At last they headed for Princeton and their meeting with Herman Goldstine – a meeting that made the whole trip worthwhile.

ENIAC

Herman Goldstine was the godfather of ENIAC, the ‘electronic brain’ that had caused such a fever of press excitement and had stimulated Raymond Thompson and Oliver Standingford to explore the possibilities of electronic computing. Having gained a PhD in mathematics from the University of Chicago, Goldstine joined the army when the United States entered the war. In 1942 he found himself assigned to the army’s Ballistics Research Laboratory at the Aberdeen Proving Ground in Maryland, with the rank of lieutenant. In his crisp uniform he looked every inch the military man, but he never truly left academic life behind; always hungry for ideas, when he found a good one he would do everything possible to make sure it had a chance to flourish.

One of his tasks was to liaise with the Moore School of Engineering, not far away in Philadelphia. Here, teams of women – ‘human computors’ – were being trained to calculate firing tables for artillery using mechanical desk calculators. With ordnance capable of firing along parabolic trajectories over a range of up to a mile, it was impossible for heavy gunners to take accurate aim by eye. The tables told the gunners how high to aim their weapons given a target at a certain range, calculated on the basis of the weight of the shell, its velocity on leaving the muzzle, and other variables such as the wind speed and direction, and the air temperature and density. A typical trajectory required 750 multiplications, and a typical firing table about 3,000 trajectories. Goldstine was desperate for an alternative to these human computers, whose work was time-consuming and vulnerable to error.

He found what he was looking for in a proposal to build an ‘electronic computor’ (sic) containing 5,000 valves, put forward in 1942 by John Mauchly, a physicist trained for war-related work in electronics at the Moore School. The army refused to take the proposal seriously until Goldstine took up Mauchly’s cause in the spring of 1943 and, through careful diplomacy and a persuasive manner, won from his superiors funding for an even larger revised version. Mauchly was not a great salesman for his own ideas, but was one of very few people in the world at that time who grasped the potential of electronics in computing. Before the war he had worked on the design of a (non-electronic) machine to automate numerical methods of weather forecasting. Through giving a talk on this work he had met John Atanasoff, a professor at Iowa State College, who invited him to see his own prototype computer. It was an electronic adder – properly a calculator rather than a computer – with a modest 300 valves, which Atanasoff had built with his graduate student Clifford Berry between 1939 and 1942.

Mauchly had spent five days discussing it, although he later denied that he had learned anything from Atanasoff. The work had received virtually no recognition at the time, and never advanced beyond a working prototype. But the priority of the little Atanasoff-Berry Computer (ABC) was established years later in a successful bid to deny patents on aspects of the ENIAC design to the Moore School team.

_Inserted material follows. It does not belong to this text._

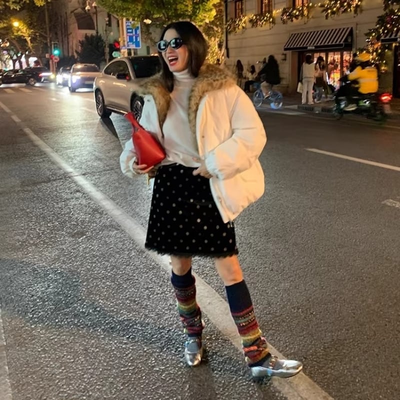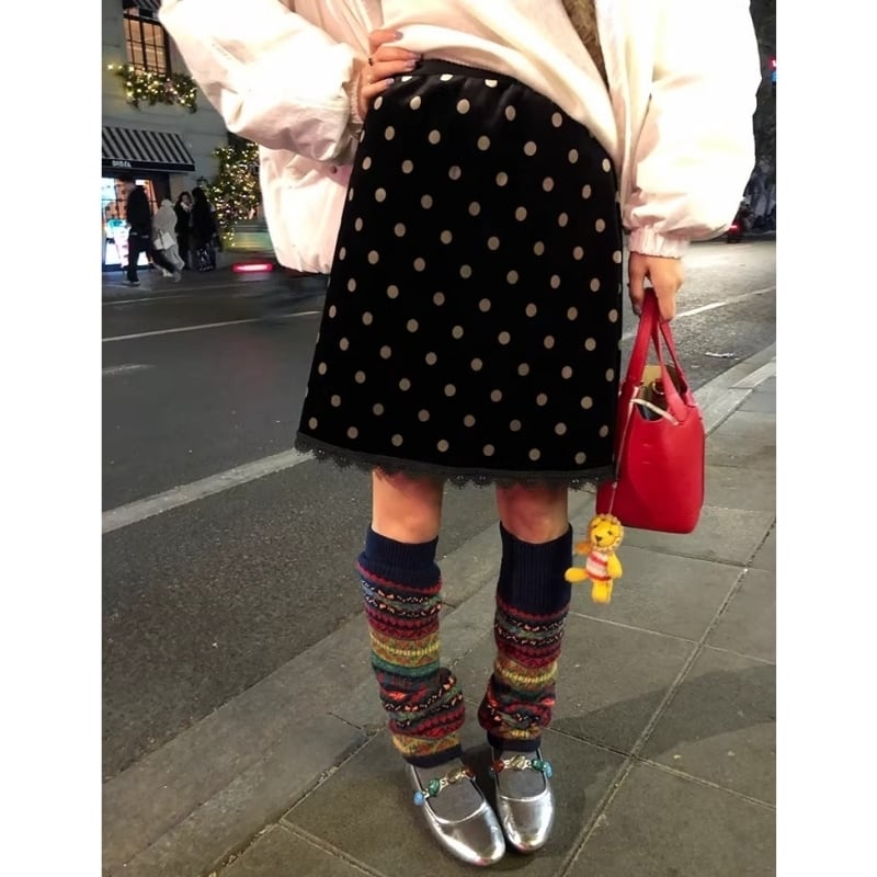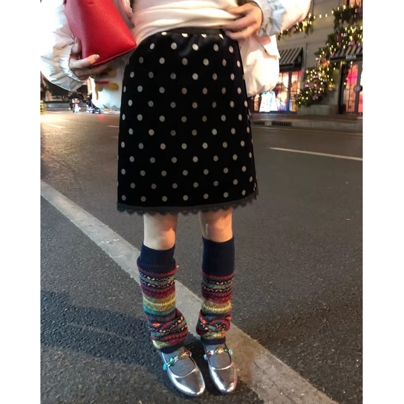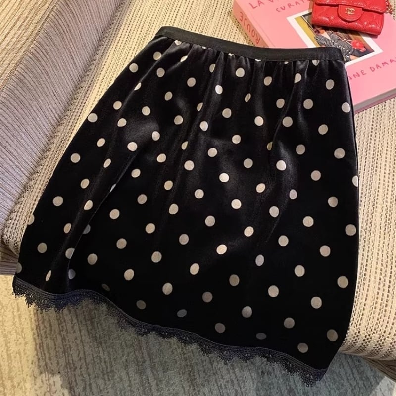 Polka dot velvet midi skirt M3144

The question ‘who invented the computer?’ still rages on internet sites and in a succession of publications, and probably does not have a clear answer. Credit for being the first to build a valve-based prototype calculating machine should probably be shared between Atanasoff and Berry, and Konrad Zuse and Helmut Schreyer, who built an electronic demonstration model at the Technical University in Berlin in 1938.

Whatever it owed to his encounter with John Atanasoff, John Mauchly’s proposal exceeded anything previously seen in its scope and ambition. ENIAC, conceived by Mauchly but brought to life by teams of engineers working sixteen-hour days under the direction of the gifted Moore School engineer Presper Eckert, was a monster. As eventually completed in 1945, it was 2.5 metres high and nearly 50 metres long, its racks of valves, cables and other components arranged in a U-shape around the walls of a large room. It weighed over 30 tons, incorporated almost 18,000 valves, and cost the army $800,000. When it was working, ENIAC could perform 14 10-digit multiplications a second – 500 times faster than the best of the female ‘computors’ with their mechanical machines.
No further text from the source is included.